The Carroll County Board of Education unanimously approved the school system’s preliminary fiscal 2024 budget request Wednesday, with board President Marsha Herbert offering an impassioned plea to parents to rally behind the request for an additional $6.7 million from the county.
“We do need your help,” Herbert said during the board’s regular monthly meeting. “If we don’t get the funding we need, this school system is going to look completely different in two years, and the changes you will see will come at the cost of your child’s education.
“I can tell you now that your child will be affected and you’re not gonna like it,” she said. “You’re gonna be upset, but I’m telling you the time is now to act. We need to do something now before this happens. We need your support now more than ever.”
Board member Donna Sivigny added that the Board of Carroll County Commissioners, which must approve the additional funding and have cast doubt on its ability to do so without raising taxes, is not an enemy of the school board, but rather a government entity with the power to help county schools.
Commissioners’ President Ed Rothstein attended a budget hearing and workshop on Feb. 1 and District 1 Commissioner Joe Vigliotti attended the school board meeting Wednesday.
“We’re not yelling at you,” Sivigny said, addressing county commissioners. “We are simply asking for your help in an untenable situation the state has put us in, so that we do not destroy the best-performing school system in the state of Maryland.”

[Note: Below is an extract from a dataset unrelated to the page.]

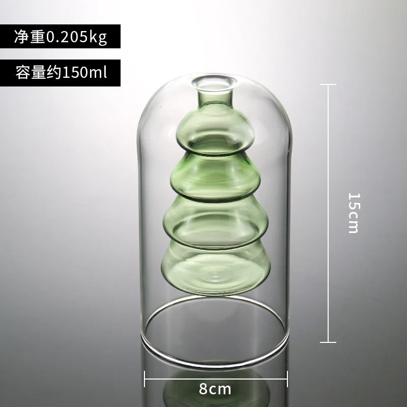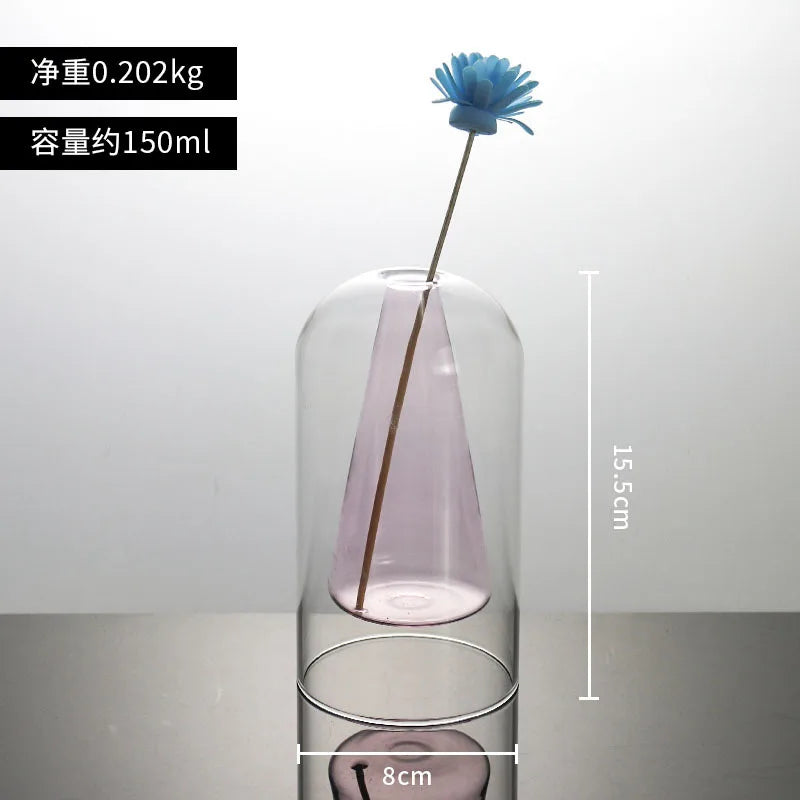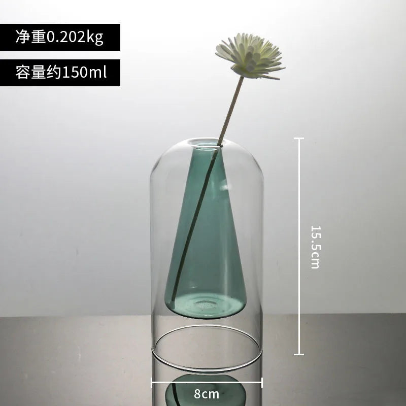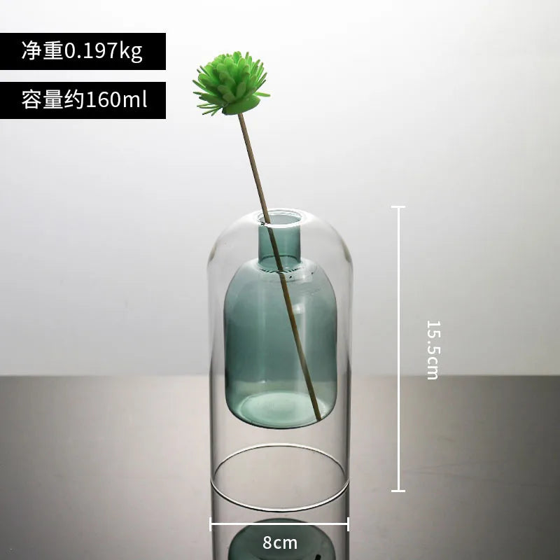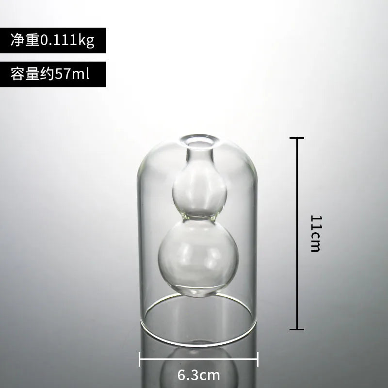 1pc Glass Vase Home Room Decor Wedding Decor Hydroponic Flower Pot Aromatherapy Bottle Double Glass Container Crafts Ornament

The fiscal 2024 preliminary budget the school board approved is $37.7 million higher than the fiscal 2023 budget for Carroll County Public Schools. The increase includes $15.9 million for employee salaries, $3 million for Blueprint for Maryland’s Future requirements, $2.8 million related to inflation, $2.1 million for transportation costs, $1.4 million for increased substitute teacher rates, $1.3 million for a staffing increase and $11.2 million in state funding earmarked for programs that support compensatory education students (those whose family incomes make them eligible for the Free and Reduced-price Meals Program).
The Blueprint’s list of mandates — including free community college dual enrollment for high school students, expanded pre-kindergarten for 3- and 4-year-olds from low-income households and salary boosts and professional development incentives for teachers — must be fully in place within the next 10 years, but implementation begins now. The Blueprint’s goal of promoting equity in schools is noble, Superintendent Cynthia McCabe said, but it would be more useful from a budgetary perspective for the Carroll County system to distribute funds without the restrictive nature of Blueprint’s formula.

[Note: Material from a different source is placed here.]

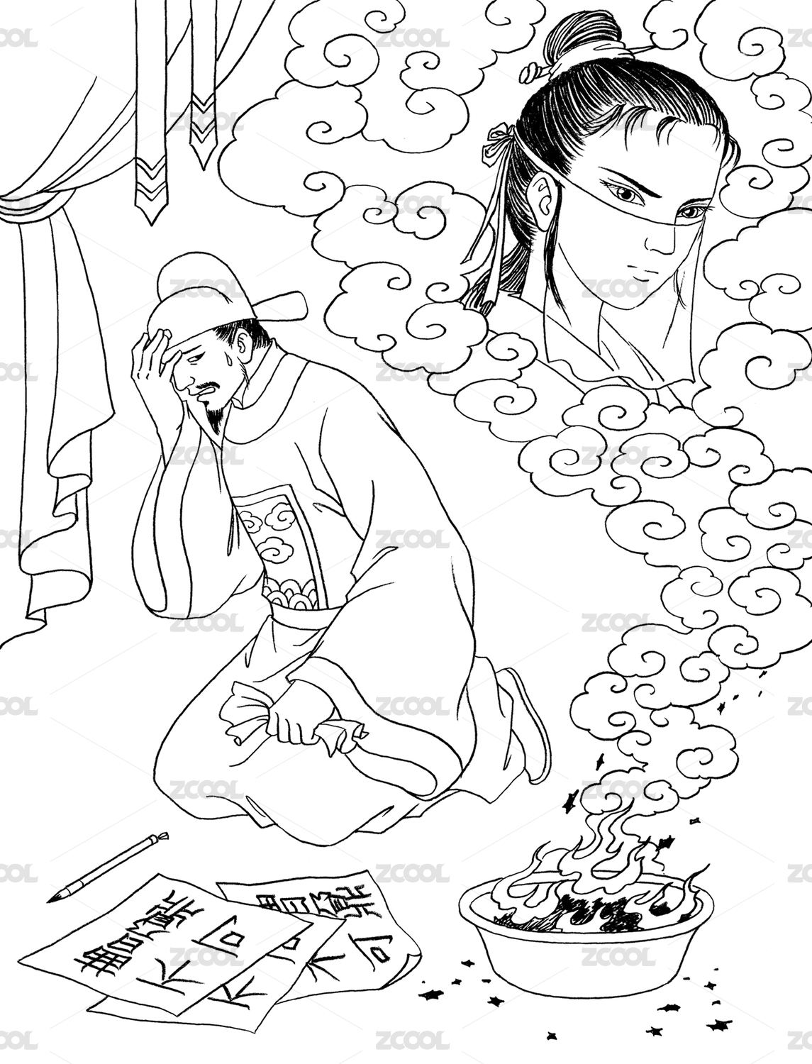 傳統(tǒng)文化元素 菊花 線稿 白描 剪影 手繪

“This means many of you will be experiencing fewer resources and larger class sizes,” Herbert said, “and that is not what we’ve had in Carroll County — large class sizes. Some schools will benefit greatly, but that will come at the cost of shifting resources, which means some schools will suffer.”
According to the draft implementation plan released by the state in October, the state will invest an additional $3.9 billion (a 45% increase) in public schools by fiscal 2034, while local governments will invest at least $700 million (an 8% increase) above pre-Blueprint levels.

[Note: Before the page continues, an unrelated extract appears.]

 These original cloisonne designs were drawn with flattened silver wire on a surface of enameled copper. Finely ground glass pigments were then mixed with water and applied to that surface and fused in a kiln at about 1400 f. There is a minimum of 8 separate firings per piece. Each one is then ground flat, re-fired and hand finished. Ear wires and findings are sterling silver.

Roughly 60% of education costs in Carroll are funded by the county, with about 40% of expenses coming from state sources, Carroll’s Assistant Superintendent of Operations Jonathan O’Neal said.
The approved school system budget asks the county government to make up the funding gap of $13.4 million. The county commissioners have pledged half that amount, but Herbert said the additional $6.7 million will not likely be funded if parents are not vocal in contacting commissioners to express support for the school funding increase.
During the Wednesday meeting school board members gave feedback on the first draft of the county’s Blueprint implementation plan.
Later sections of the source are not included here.